Dad’s address a highlight of Victims’ Week

4/7/2014
BY JENNIFER FEEHAN
BLADE STAFF WRITER
  • CTY-victim06-4-7

    Thomas Boyd’s 17-year-old stepdaughter, Shynerra Grant, was shot to death in 2005 by her ex-boyfriend.

  • Thomas Boyd’s 17-year-old stepdaughter, Shynerra Grant, was shot to death in 2005 by her ex-boyfriend.
    Thomas Boyd’s 17-year-old stepdaughter, Shynerra Grant, was shot to death in 2005 by her ex-boyfriend.

    It’s not uncommon for parents to ask Thomas Boyd what they can do to keep their children safe from violence.

    Mr. Boyd, whose 17-year-old stepdaughter, Shynerra Grant, was shot to death by her ex-boyfriend, tells them simply: Be involved. Walk with them, and talk with them.

    “If you have somebody who’s in a relationship, be involved. Don’t overdominate. Understand,” he said. “Did I agree with everything going on? No. Could it have been different? Yes.”

    Mr. Boyd, who completed his master’s thesis on teen dating violence after Shynerra’s death in 2005, will speak at 10:30 a.m. Tuesday at the Mulford Library at the University of Toledo Health and Science Campus as part of National Crime Victims’ Rights Week.

    The event, “Give Hope a Hand: Turning Victims into Survivors,” runs from 8:30 to 11:30 a.m. Open to the public, the resource fair is aimed at people who at times are the first to come into contact with victims of crimes, said Lynn Carder, director of the Toledo-Lucas County Victim-​Witness Assistance program, which works with victims as the offender’s criminal case winds its way through Common Pleas Court.

    “We want to get information into the hands of victims as soon as possible,” she said. “Their case might not come to the judicial system right away for a variety of reasons, so by getting information into the hands of first-line responders — emergency room personnel, teachers, Block Watch captains, church leaders — victims are more likely to get the information they need.”
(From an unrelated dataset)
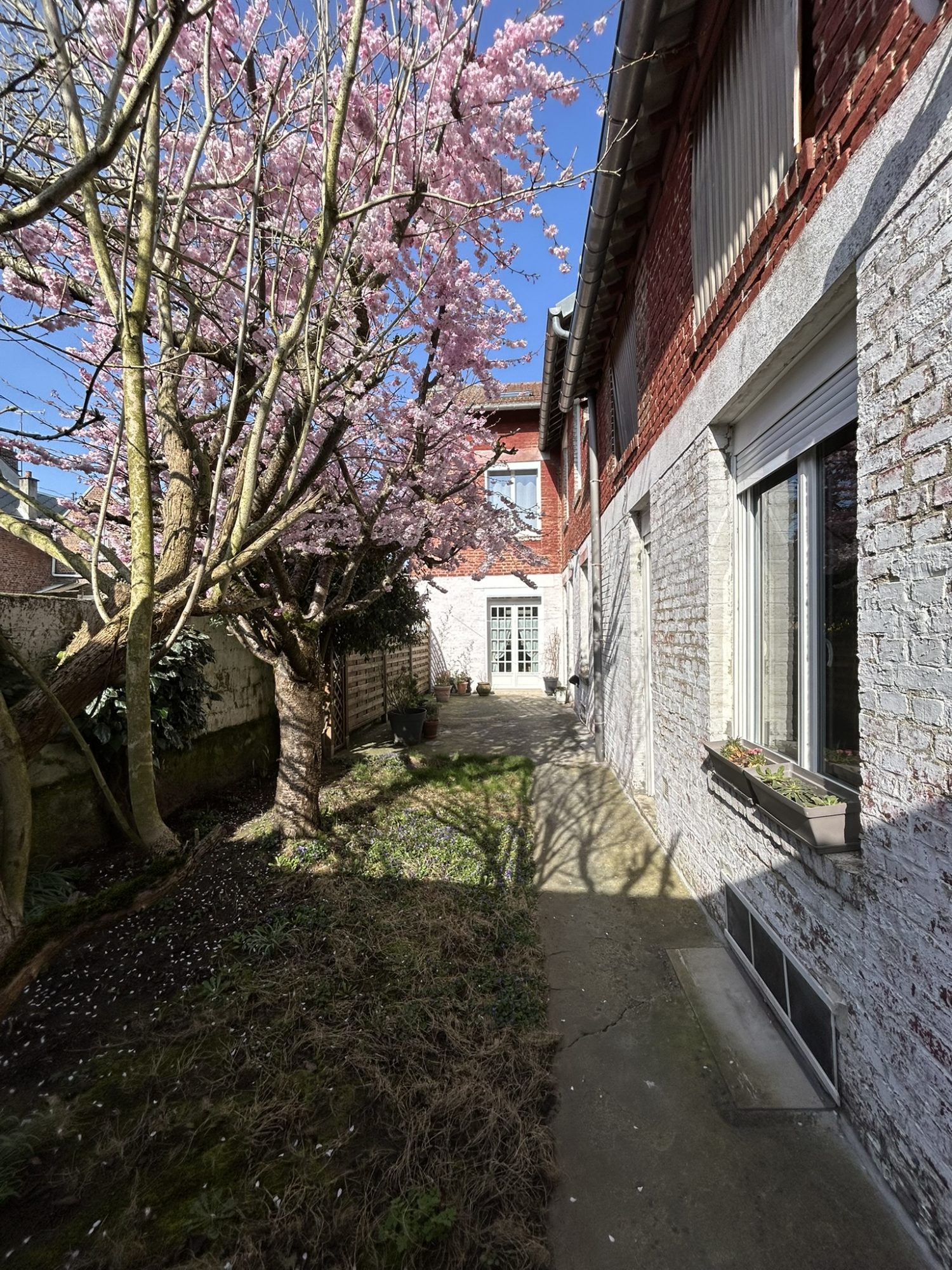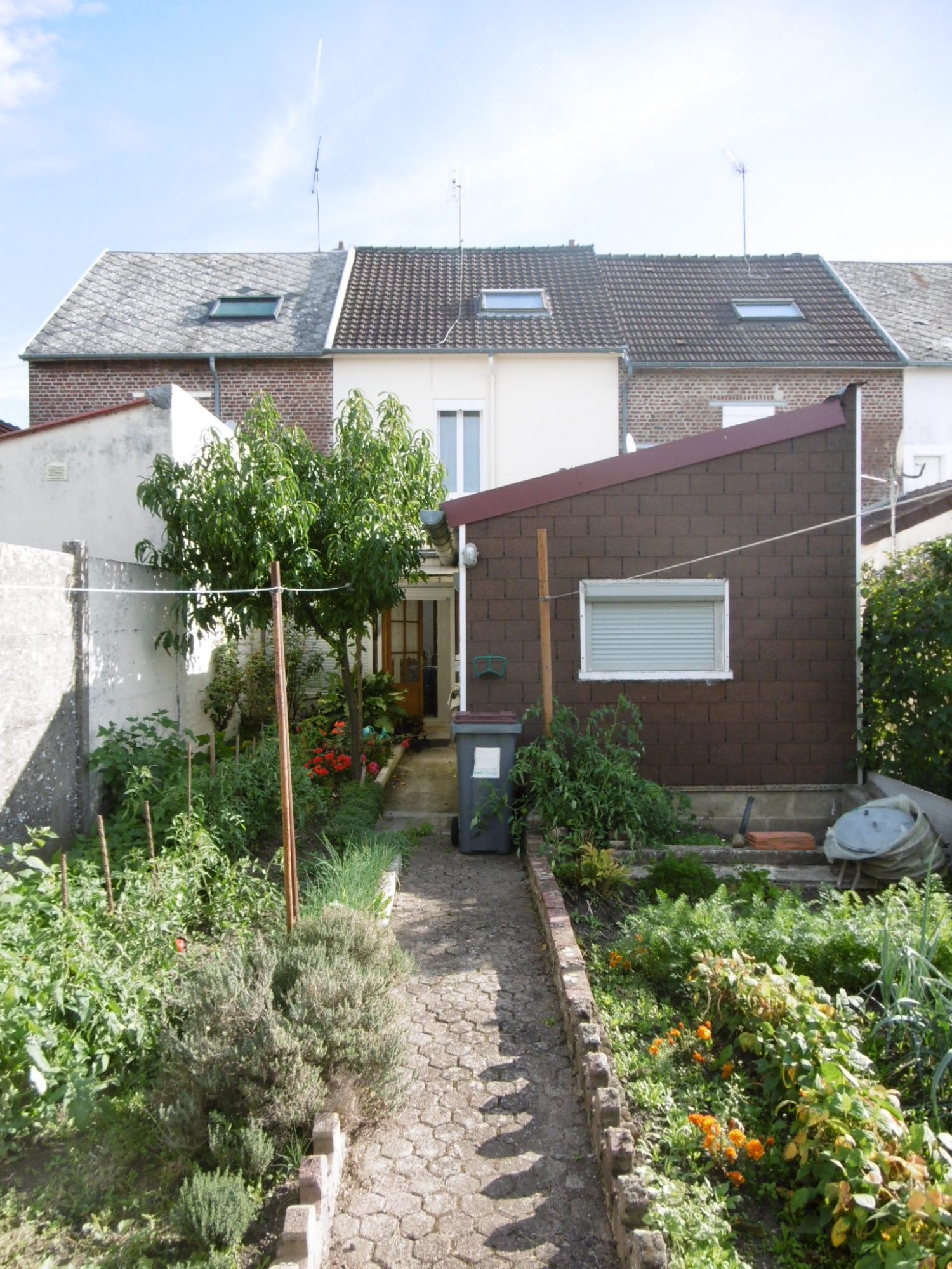 Disponible de suite, avec jardinet et garage 1VL, maison de ville env 70m² comp : entrée, cuisine meublée et équipée ouverte sur séjour, lingerie,...

    In 2004 — a year before her murder — Shynerra Grant had broken up with her boyfriend, Antonio Rogers, because she felt he was getting too serious. She went to the prom with another boy, and Rogers went to her mother’s house and assaulted Shynerra, breaking her jaw, Mr. Boyd said.

    “After that, she told me, ‘Nobody’s ever going to put their hands on me again,’ and I said, ‘When a man puts his hands on a woman, that is always going to escalate to another level every time because he wants to make sure he’s in control,’ ” Mr. Boyd recalled.

    At the time, juveniles like Shynerra could not get court-ordered protection orders.

    The law applied only to victims and defendants who were married or living together — something that in the years that followed Shynerra’s murder, Mr. Boyd and Shynerra’s mother, Cheryl, worked to change.

    In 2010, then-Gov. Ted Strickland signed “Shy-nerra’s Law,” which allows juvenile courts to issue and enforce protection orders that protect one minor from another. Mr. Boyd said he believes the law is making a difference, though it came too late for Shynerra.

    She had just graduated from Start High School, where she was a cheerleader, and had landed a full scholarship to Wilberforce University. Her death, on Father’s Day, 2005, reverberates still.

    “I have young nieces and nephews who are still angry because they loved her,” Mr. Boyd said. “It hurts them, and they’re scared about getting into a relationship. ... The pain never goes away, not really, because I think about my daughter every day.”

    Barbara Jordan, Project Access program coordinator at the Family and Child Abuse Prevention Center, said Mr. Boyd’s message is a powerful one.

    “He talks about how [her murder] just rippled through his entire family,” she said. “It happened to his daughter, but it happened to a mother, a father. It happened to her friends.”

    He also breaks the myth that domestic violence only happens to “those women.”

    “People don’t realize it’s young girls going to good schools, good girls with a proper upbringing,” Ms. Jordan said.

    Tuesday’s event is sponsored by the Toledo-Lucas County Victim-Witness Assistance program, Parents of Murdered Children, the Family and Child Abuse Prevention Center, Advocates for Basic Legal Equality, Equal Justice For All, Legal Aid of Western Ohio, and the YWCA.